Ruth offers me an apple. I accept it gratefully and take a bite. “I went for a jog.”

“I can see that.” Her eyes pass over my leggings to her daughter’s sneakers. She grins. “Oh, those old things. Aria never wore them. It was her,” Ruth makes quotation marks in the air, “‘now-I’m-going-to-be-sporty phase.’”

“She doesn’t like sports?” I ask in surprise. After swallowing my bit of apple, I add, “In Aspen, you can’t get away from sports.”

Ruth reaches for the plate with the pancakes, which are gradually coming to an end. “Believe me, Aria was a natural-born talent. She is curious and ambitious, but sports… God forbid.” At the memory of her daughter, a smirk crosses her lips before she winks at me and moves off toward the kitchen. I’d love to know what’s behind her heavy movements. Osteoporosis maybe? Arthritis?

As for me, I can’t get into the shower quick enough to feel thehot water on my body, thawing with every second. I lean against the side of the shower, close my eyes, and heave a deep sigh.

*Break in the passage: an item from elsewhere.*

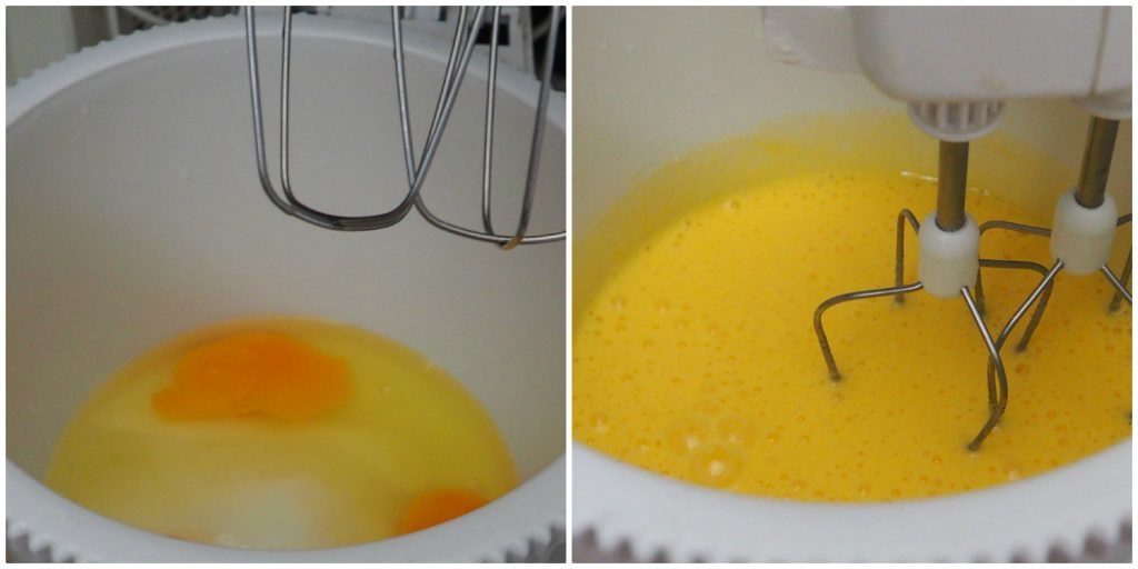 Doe de eieren in een kom en klop ze goed met een garde samen met de suiker.
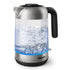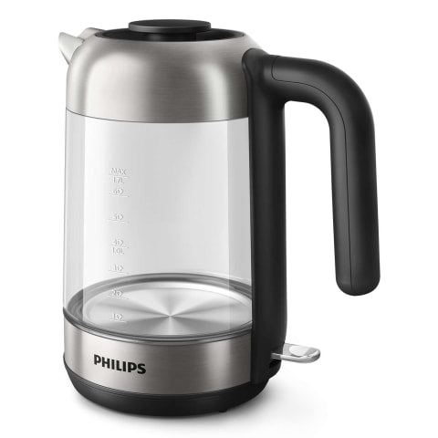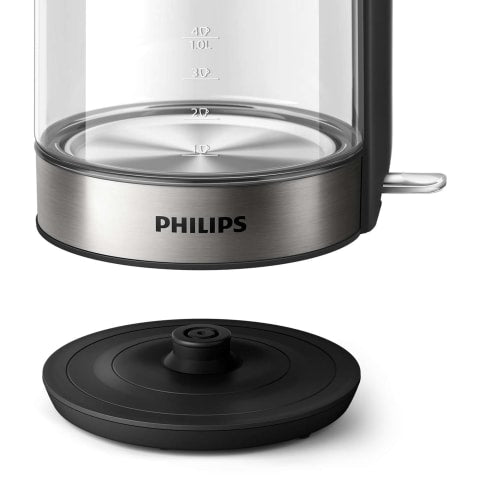 - 1 cup indicator to boil only the water you need This family size glass kettle is stylish and modern, while still being functional and made to last. The intuitive blue light indicator inside the base illuminates the water when switched on, and the cordless operation allows for easy pouring. About Philips

Running into Knox has really gotten to me. For a while, it even drove off my nerves and made me forget that today was my big day.

But now it seems like my nerves have woken back up from their short nap and, within seconds, are ready to resume high operation. It feels like there are ants running back and forth beneath my skin.

I lick the warm water off my upper lip with the tip of my tongue before my gaze wanders down my body to the bruises that are invisible to everyone else.

I carefully run a finger over my left hip to the middle of my thigh. The swelling has gone down quite a bit, but the color has changed. It’s a bright green, and the edges are streaked a deep blue.

I screw up my eyes, turn off the water, and don’t think about it anymore. Soon, there won’t be anything left of the bruises, and I’ll never have to see them ever again.

Never. Again.

My body is steaming as I step out of the shower—at last I can feel my toes again—and dry off. I slip into fresh clothes, dry my hair, and gulp when I catch a glimpse of myself in the mirror.

The swelling next to my eye has grown more intense. Knox’s words from yesterday echo in my head.

I doubt it…Implying that I can’t assert myself. That I wasn’t strong enough.

I shake my head to dispel my thoughts and turn away. My eyes stop for a moment on a few makeup tools standing on Aria’s bathroom dresser next to the sink.

Normally I don’t wear any makeup. As an athlete, it’s counterproductive. Your sweat smears your mascara and makes you look like an emo kid. Then the foundation clogs your pores and causes you to break out in pimples.

I make my decision in the blink of an eye. I quickly grab the makeup and distribute the stuff across my face. Better a crater-filledemo kid than getting stared at on my first day of iSkate and everyone forming an opinion of me before they’ve even gotten to know me.

I’ve left that part of my life behind. And I have no intention of giving it any space to come back.

I blend in the last little bit across my face and then inspect myself. The early morning sun is coming through the window, causing my blue eyes to shine.

I cling to the side of the sink, trembling. “Do it for yourself,” I mumble to myself. “You’re strong enough; you can do anything.”

Three times I repeat these words until I feel that I have won.

It doesn’t matter how weak I feel and how much my past has left traces inside of me; the wolf in my heart will never allow the world to catch a glimpse of the lamb in my soul.

Because I’m strong.

I, Paisley Harris, am a goddamn fighter.